Although the case study was for a brownfield project, Joshi gave an example of deepwater development economics at an accelerated rate as well, showing that improved production economics were possible. The model showed that while its base case for acceleration showed significant uncertainty, and accelerated case has the potential to capture 50% of uncertainty value.

Joshi said stakeholders would have to ask themselves a series of key questions, should they look at his example moving forward. Is fit-for-purpose design for each project necessary? Would such a short timeline be safely achievable, and does a fast approach increase risk?

Overall though, the greenfield and brownfield projects examples shown had better economics with acceleration, even subsea tiebacks.

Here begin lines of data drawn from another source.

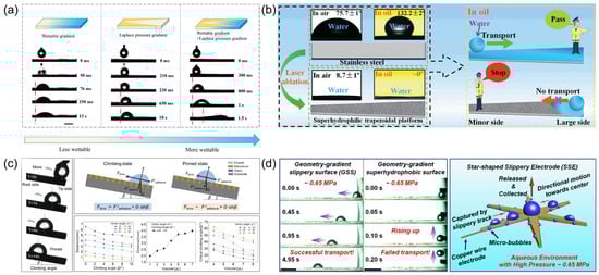 Mechanistic understanding has evolved in parallel with technological innovations. Recent theoretical models highlight multi-physical coordination as the cornerstone of system robustness. A prime example can be found in dual-lubricant interfaces, where interfacial tension gradients drive autonomous droplet motion. Quantitative analyses have shown that capillary forces dominate over viscous resistance, establishing a theoretical framework for complex-environment operations [43,53]. For extreme operational conditions, bioinspired gradient surfaces that integrate Laplace pressure modulation with surface energy control have demonstrated significantly enhanced bubble transport capabilities under high-pressure conditions, effectively overcoming the limitations of traditional superhydrophobic materials [20] (Figure 6d). In multiphase fluid handling scenarios, the interaction of wettability gradients and geometric confinement induced phase-separated droplet migration, while shear-thinning effects significantly enhanced micromixing efficiency [17].
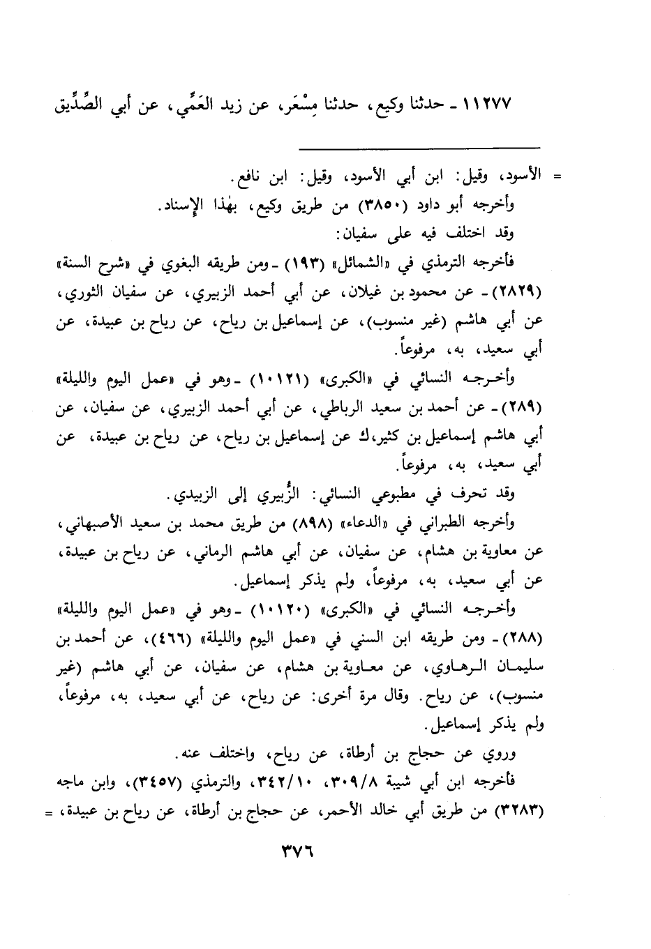 ١١٢٧٧ - حَدَّثَنَا وَكِيعٌ، حَدَّثَنَا مِسْعَرٌ، عَنْ زَيْدٍ الْعَمِّيِّ، عَنْ أَبِي الصِّدِّيقِ،
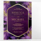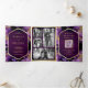 Convite Com Dobra Tripla Casamento de Código QR de Ink Fluida Dourada Roxa
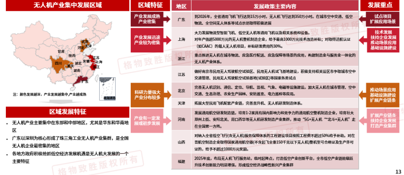 • 国内多省市大力布局无人机产业,展现出差异化区域特色与政策方向。产业成熟区域侧重试点项目发展与应用场景拓展,产业发达区域主攻技术突破、场景推广及基建完善以提速产业,产业初步发展区域通过打造产业集群、扶持企业等协同发力,推动无人机产业深度进阶,加速构建多层面、多维度的产业发展体系。
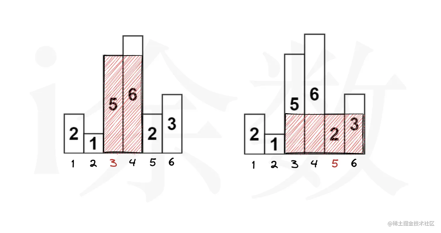 第 3 个柱子左边界 left = 3, 右边界 right = 4,高度 height = 5,能够勾勒出的最大矩形面积为 (4 - 3 + 1)* 5 = 10。
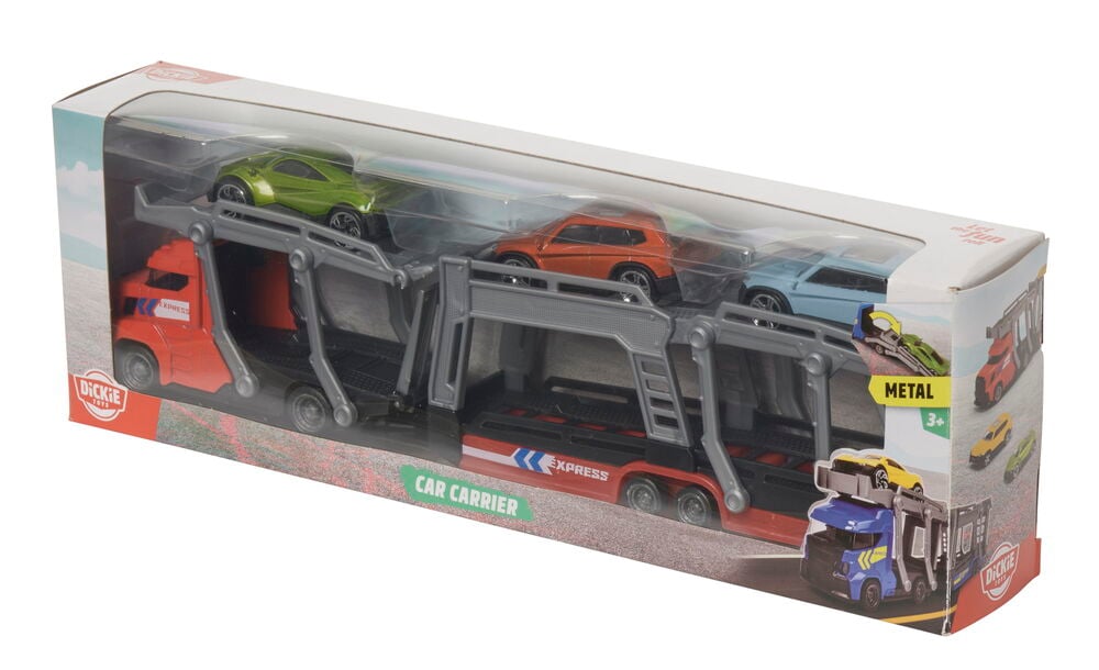 Dickie Toys presenterer et spennende leketøysett som vekker glede hos bilinteresserte barn fra tre år. Settet består av en robust bilfrakter av plast samt tre detaljrike lekebiler av robust metall. Alle kjøretøyene har bevegelige hjul for realistisk lek. Med bilfrakteren kan barnet laste og losse bilene – perfekt for å utvikle finmotorikken!
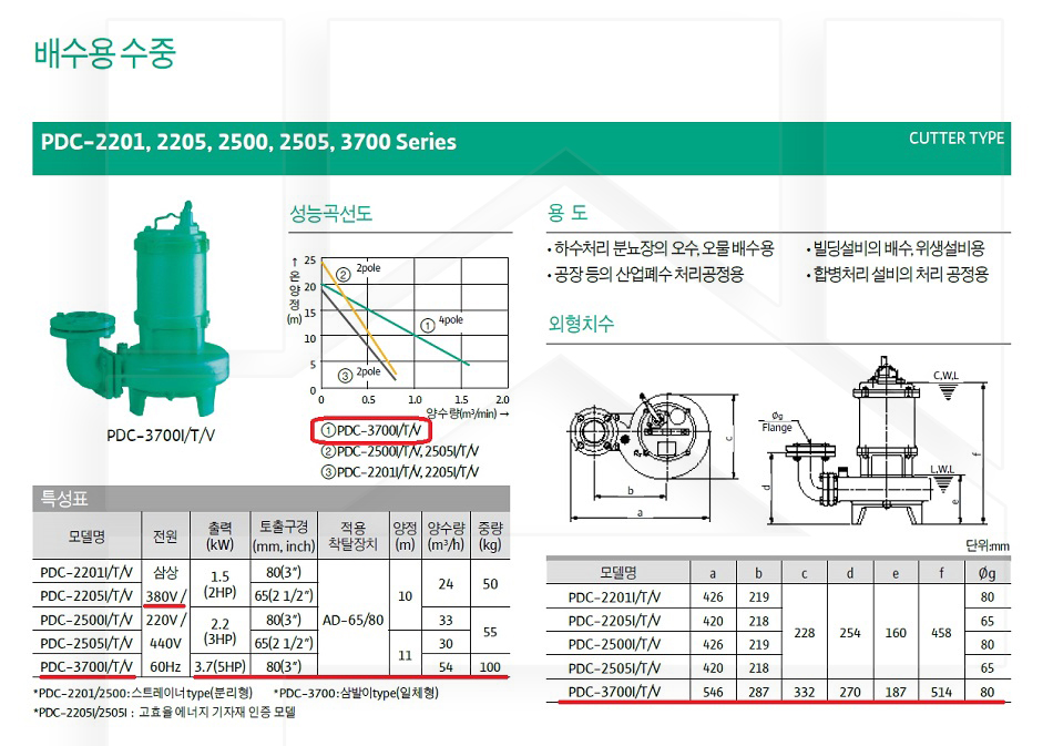 100-66-12-00003700 오수펌프커터 삼상330 PDC-3700I 판매가 1,349,000 ~ 원 배송방법 일반배송 브랜드 제조사 윌로펌프 주식회사 상품옵션 품명 옵션코드 규격 중량 판매단위 회원가 수량 PDC-2201I 100-66-12-00002201 80A 50.0kg (50,000g) 0 783,000원 - + PDC-2500I 100-66-12-00002500 80A 55.0kg (55,000g) 0 864,000원 - + PDC-3700I 100-66-12-00003700 80A 100.0kg (100,000g) 0 1,349,000원 - + 총 상품 금액(VAT포함) 원 회원 / 비회원 구매하기 상품담기 제품상세정보 상품문의 (0) 배송 안내 반품/교환 안내 배수용 수중 펌프 컷터형 상품 문의하기 배송안내 배송 안내 일반제품 당일 1시 이전 주문시 재고 여부에 따라 당일발송 재고 부족시 2~3일 소요 파손위험제품 (화물택배/차량배송) 파손위험이 큰 제품은 빠렛트로 포장되어 차량으로 이동됩니다. 고객님이 지정한 장소와 가장 가까운 차량접근이 가능한 도로까지만 배송 주문물량 및 제품의 특성에 따라 화물, 화물택배. 합짐차량. 단독차량으로 고객님의 요청에 따라 운송 차량 지정 제품 하차시 파손이 있을 수 있으므로, 꼭 하차전 제품을 확인 고객센터 고객 센터 010-6539-7900 상담시간 오전 09시 ~ 오후 6시 점심 : 12:00 ~ 13:00 / 휴일 : 토, 일요일, 공휴일 반품/교환 안내 제품의 하자 및 오배송은 문의 주시면 즉시 처리해드리겠습니다. 반품/교환 판매자 지정택배사 : CJ대한통운 반품배송비(편도) : 3,000원 교환배송비(왕복) : 6,000원 보내실 곳 : 전라북도 전주시 완산구 콩쥐팥쥐로 1570 * 반품/교환 사유에 따른 요청 가능 기간 구매자 단순 변심 : 상품수령후 7일이내(구매자 반품 배송비 부담) 반품/교환 불가능 사유 교환/반품 요청 기간이 지난 경우 소비자의 책임 있는 사유로 상품 등이 분실/파손/훼손된 경우 소비자의 사용/소비에 의해 상품 등의 가치가 현저히 감소한 경우 제품을 설치 또는 장착하였을 경우 주문제작 상품중 상품제작에 들어간 경우 제품을 하차 또는 시공 후의 공정과정에서 일어난 파손의 경우 교환 반품시 고객 부담 배송비를 지불하지 아니한 경우 * 펌프제품은 미사용, 포장박스 미훼손 시에만 교환/반품이 가능합니다. 고객센터 고객 센터 010-6539-7900 상담시간 오전 09시 ~ 오후 6시 점심 : 12:00 ~ 13:00 / 휴일 : 토, 일요일, 공휴일
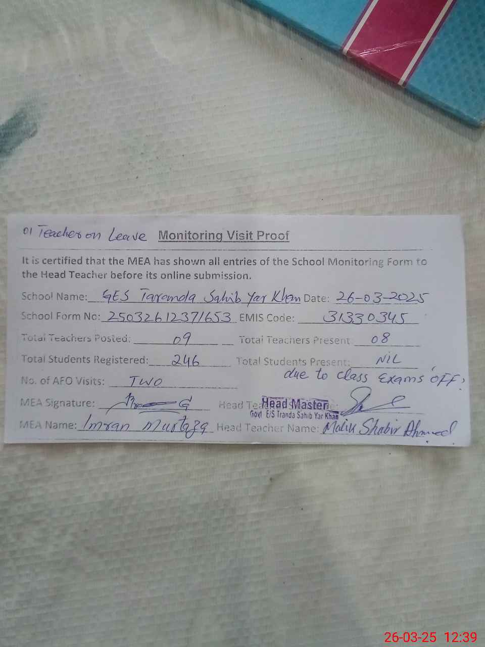 | Attendance Register | Head Teacher | MEA with School | Visit Proof |
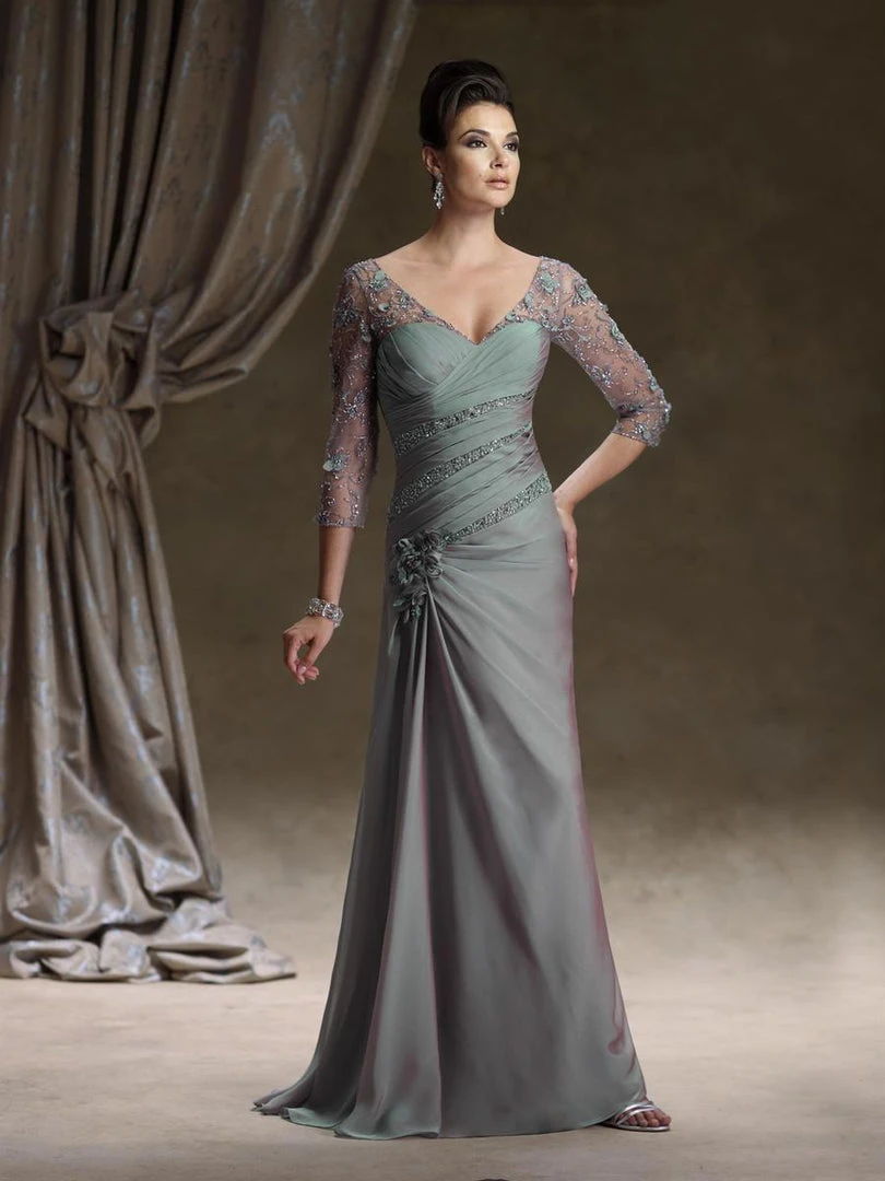 Iridescent chiffon A-line dress with hand-beaded illusion three-quarter length sleeves and V-neckline, back beaded illusion bodice with keyhole, side gathered sweetheart bodice features asymmetrical hand-beaded trim, asymmetrically dropped waistline adorned with side hand-crafted flower, soft side draped skirt.

In addition, the commonality in equipment design and operating philosophy improves project economics, but collaboration among operators and supplies are essential.

Getting to what Joshi called a “subsea development utopia” posed the following challenges to the operator, engineering, and supplier community.

  • Operators sharing possible development timelines with suppliers to improve supply chain.
  • Operators creating a toolkit of subsea equipment, and communicate reservoir performance uncertainty.
  • Suppliers having standardized LEGO-like equipment that is multi-vendor compatible.

“It helps to have a small core team with each member having the ability and responsibility to make decisions, said Joshi. “A large team could cover all aspects, but decision making becomes challenging and time consuming.”